What you will do: Below are entries; output exactly the lines from the one with "J36A,E矩形航空接插件,執(zhí)" to the one with "Jusqu'à 4 chiens, Toile", both included, and nothing else.

Data extract:
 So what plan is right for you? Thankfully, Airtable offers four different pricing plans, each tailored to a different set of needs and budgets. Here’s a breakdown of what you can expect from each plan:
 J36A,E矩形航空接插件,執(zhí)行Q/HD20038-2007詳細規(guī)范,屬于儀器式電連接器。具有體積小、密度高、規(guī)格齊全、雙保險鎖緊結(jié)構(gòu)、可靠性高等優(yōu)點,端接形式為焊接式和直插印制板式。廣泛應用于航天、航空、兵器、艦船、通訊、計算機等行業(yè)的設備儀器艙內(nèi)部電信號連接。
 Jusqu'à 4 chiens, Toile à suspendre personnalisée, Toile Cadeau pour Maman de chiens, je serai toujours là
---
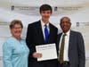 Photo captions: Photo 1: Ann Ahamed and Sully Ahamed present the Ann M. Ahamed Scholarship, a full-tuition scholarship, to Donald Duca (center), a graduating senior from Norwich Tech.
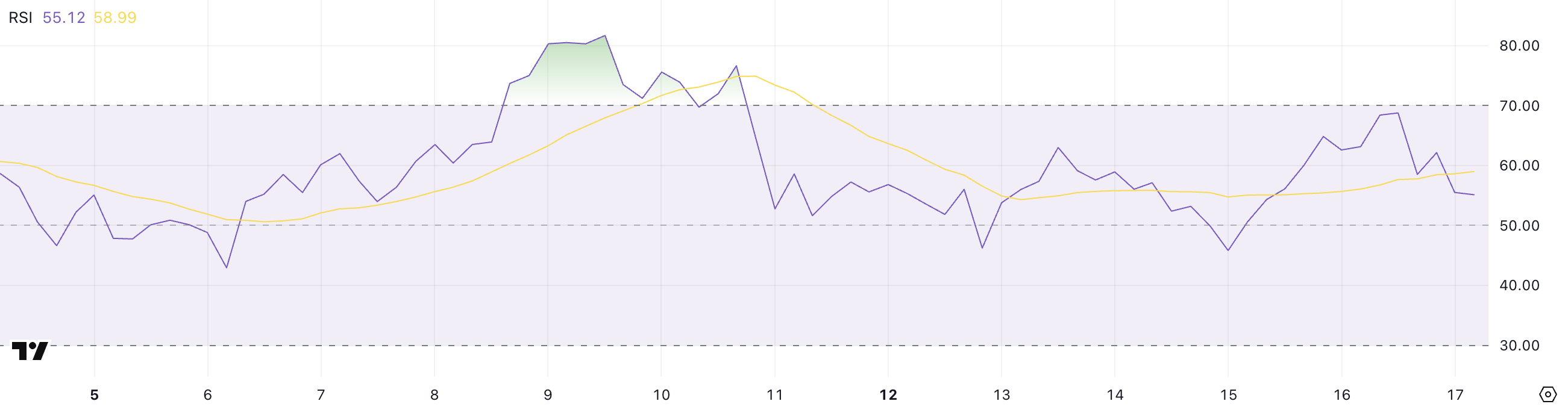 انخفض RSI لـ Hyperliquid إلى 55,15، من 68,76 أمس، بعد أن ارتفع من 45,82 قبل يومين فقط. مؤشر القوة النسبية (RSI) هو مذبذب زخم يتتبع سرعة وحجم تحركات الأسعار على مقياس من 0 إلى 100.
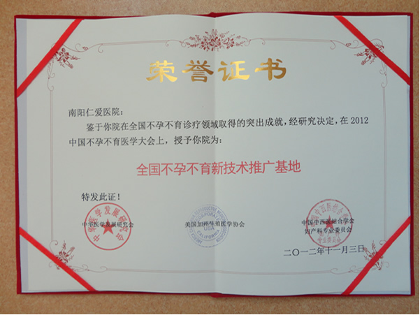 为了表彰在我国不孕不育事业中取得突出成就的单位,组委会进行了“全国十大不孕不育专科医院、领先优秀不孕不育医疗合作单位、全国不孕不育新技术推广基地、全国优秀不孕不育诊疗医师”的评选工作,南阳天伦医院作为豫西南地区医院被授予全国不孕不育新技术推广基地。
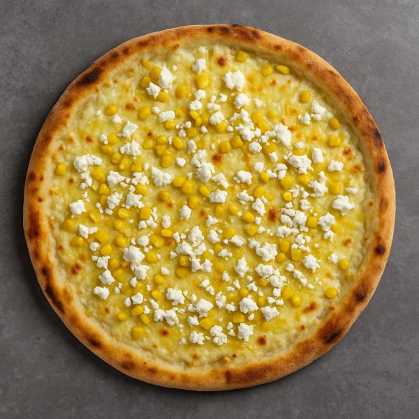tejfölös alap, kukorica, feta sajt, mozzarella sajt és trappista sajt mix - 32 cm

Solution to the exercise:
 J36A,E矩形航空接插件,執(zhí)行Q/HD20038-2007詳細規(guī)范,屬于儀器式電連接器。具有體積小、密度高、規(guī)格齊全、雙保險鎖緊結(jié)構(gòu)、可靠性高等優(yōu)點,端接形式為焊接式和直插印制板式。廣泛應用于航天、航空、兵器、艦船、通訊、計算機等行業(yè)的設備儀器艙內(nèi)部電信號連接。
 Jusqu'à 4 chiens, Toile à suspendre personnalisée, Toile Cadeau pour Maman de chiens, je serai toujours là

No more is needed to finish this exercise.